To take one example, as we have previously debated, our capacity to admit people to the UK through safe and legal routes is impacted by the level of illegal migration, so hiving off aspects of immigration policy and operations to a separate department is a recipe for confusion, disjointed policy-making and ineffective operations. The migration and borders system is highly complicated and this change would serve only to add unnecessary complexity. However, I assure the noble Baroness that the Home Office already works closely with other government departments, including the FCDO, on all cross-cutting matters to ensure that relative interests are considered accordingly during the development and implementation of immigration and asylum policy, and it will continue to do so.
I am grateful to the Minister. He was quite right about this being a probing amendment to demonstrate the importance of the joined-upness of this being over here and that over there. I am equally grateful to the noble Lord, Lord Kerr, who is doing his old department a great service in dodging that particular bullet. The Minister talked about respective competencies and so on, so the Foreign Office should keep doing foreign affairs, including negotiating treaties, for example. Why did the Home Secretary and the Home Department negotiate the Rwanda pact, as opposed to leaving treaty negotiation to the Foreign Office? That came into my mind because the Minister mentioned the Rwanda agreement in the context of the impact assessment. Just to help him, I suggest that the impact assessment should be provided on the basis that the Government believe they will succeed in the litigation, so the impact assessment could be produced without delay on the predication that the Government are confident that their litigation will succeed.
I will certainly ensure that the noble Baroness’s points are noted in the department.
Finally, Amendment 139FD would place a duty on the Home Secretary to publish quarterly statistics on the Bill’s operation after it is enacted. Again, I have no issue with the basic premise underpinning the amendment. We already publish a raft of immigration statistics on a quarterly basis and I have no doubt that these regular publications will be augmented to report on what is happening under this Bill once it is commenced. We will consider carefully what data it is appropriate to record and publish as part of our implementation planning. I am sure that the noble Lord, Lord Coaker, and his Front-Bench colleagues in the other place will not be slow to press the Government for the kind of data referenced in the amendment.

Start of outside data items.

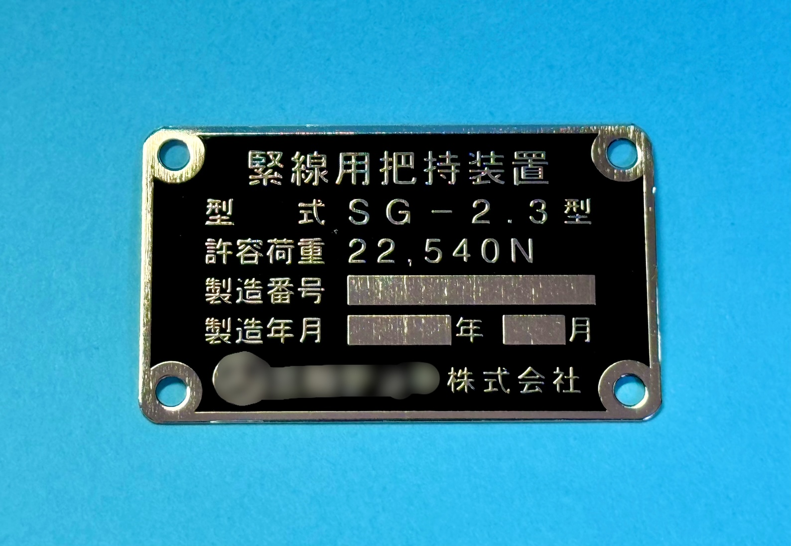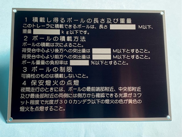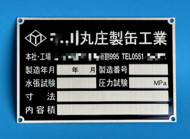 タンクに取り付ける工業用銘板です。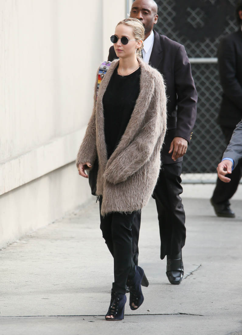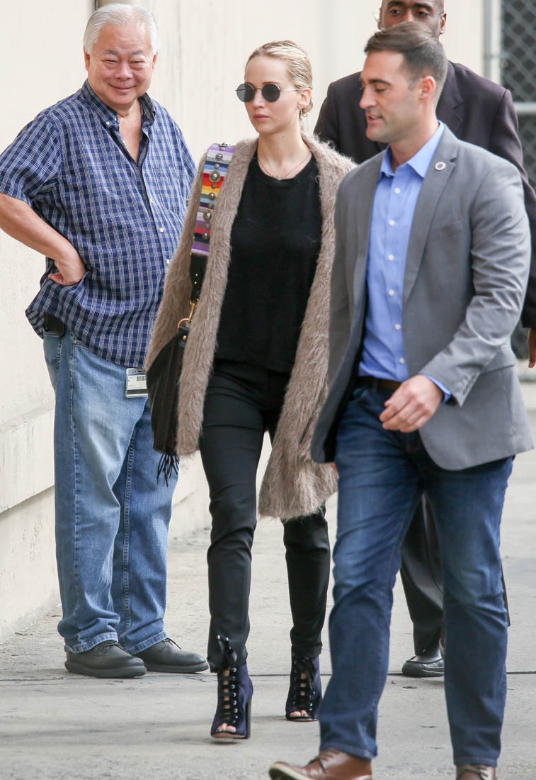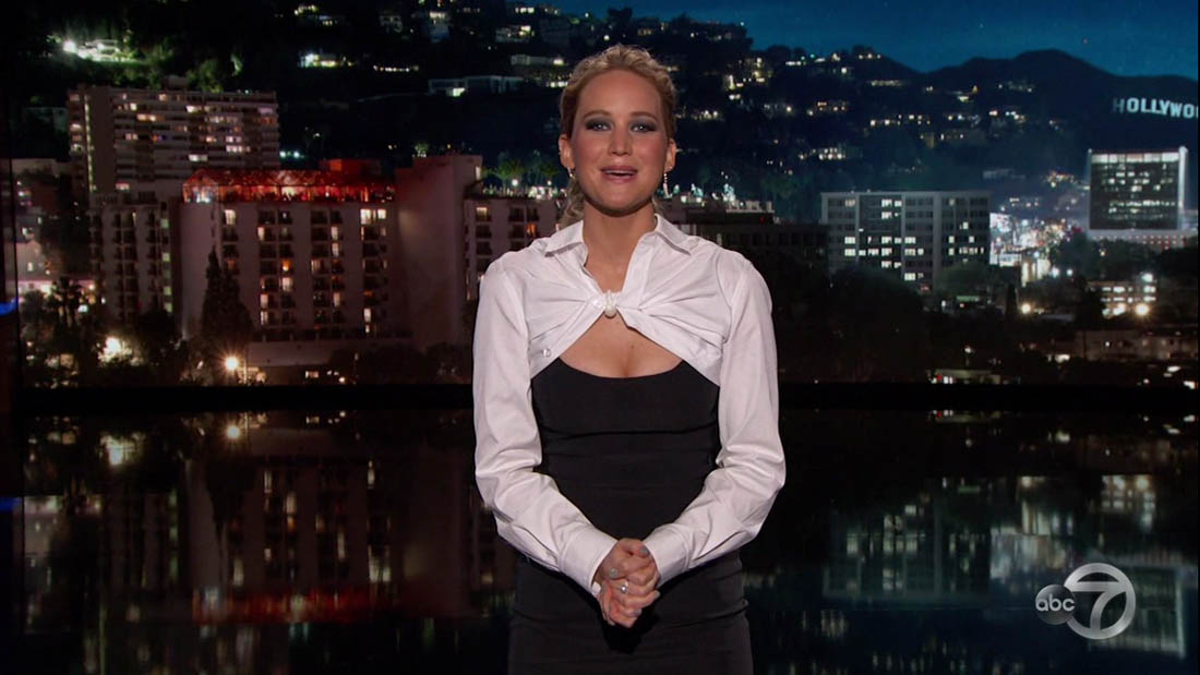 Did you watch Jennifer Lawrence hosting Jimmy Kimmel live last night? I selfishly took great pleasure seeing her have to read the prompter. She wasn’t great at it. See? It’s not easy. Not even for an actor who’s used to delivering lines. Anyway, Jen interviewed Kim Kardashian during the show. They know each other. Jen goes over to Kris Jenner’s for dinner. Even still, the whole conversation was super awkward. And it’s not because Jen wasn’t trying. She was fun, she went for all her questions. But Kim’s energy, man, I don’t watch enough of her to know if she’s always like that but is it always so… low? You know what they say about certain performers? That there’s an “it” to them? Kim is not a performer. And when you’re on a talk show, part of that is performance too. (Cele|bitchy)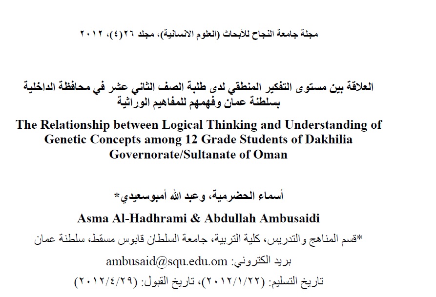 العلاقة بين مستوى التفكير المنطقي لدى طلبة الصف الثاني عشر في محافظة الداخلية بسلطنة عمان الوراثية وفھمھم للمفاھيم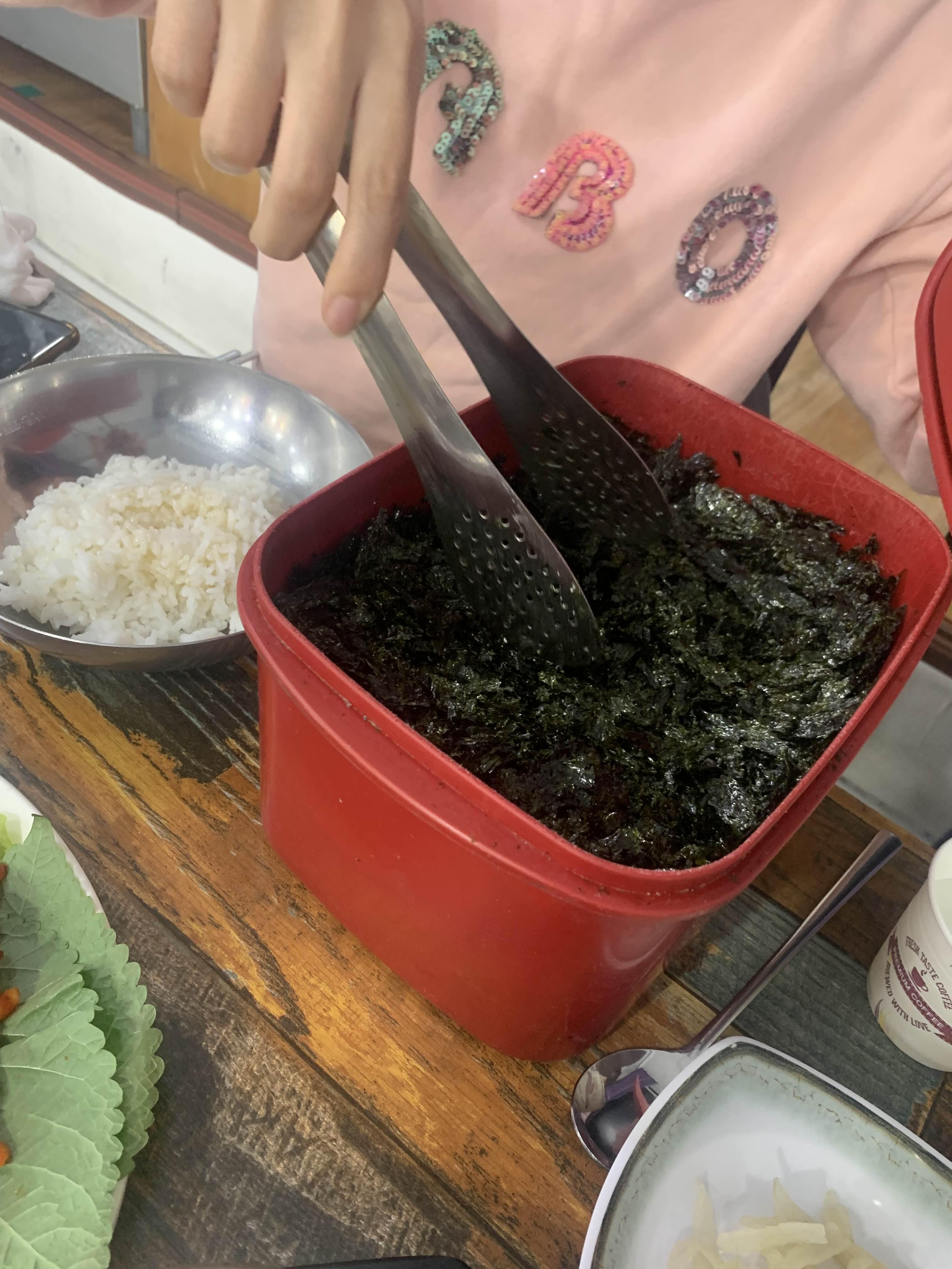 서대회는 밥과 비벼 먹는 게 맛있다고 해주시는데... 비비기 전! 김과 밥을 함께 먹어도 상당히 맛이 좋더군요.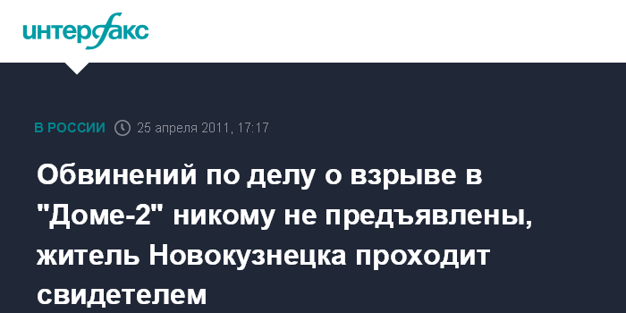 Обвинений по делу о взрыве в "Доме-2" никому не предъявлены, житель Новокузнецка проходит свидетелем

I and my ministerial colleagues, in particularly my indefatigable noble friend Lord Murray, have heard loud and clear the calls from around the Committee that the economic impact assessment for the Bill should be available to your Lordships before the start of Report. My noble friend has committed to updating the House before the first day of Report and I have already read out the Home Secretary’s comments from this morning. However, having had this opportunity to debate the issue again, together with the other issues addressed in these amendments, I invite the noble Baroness to withdraw her amendment.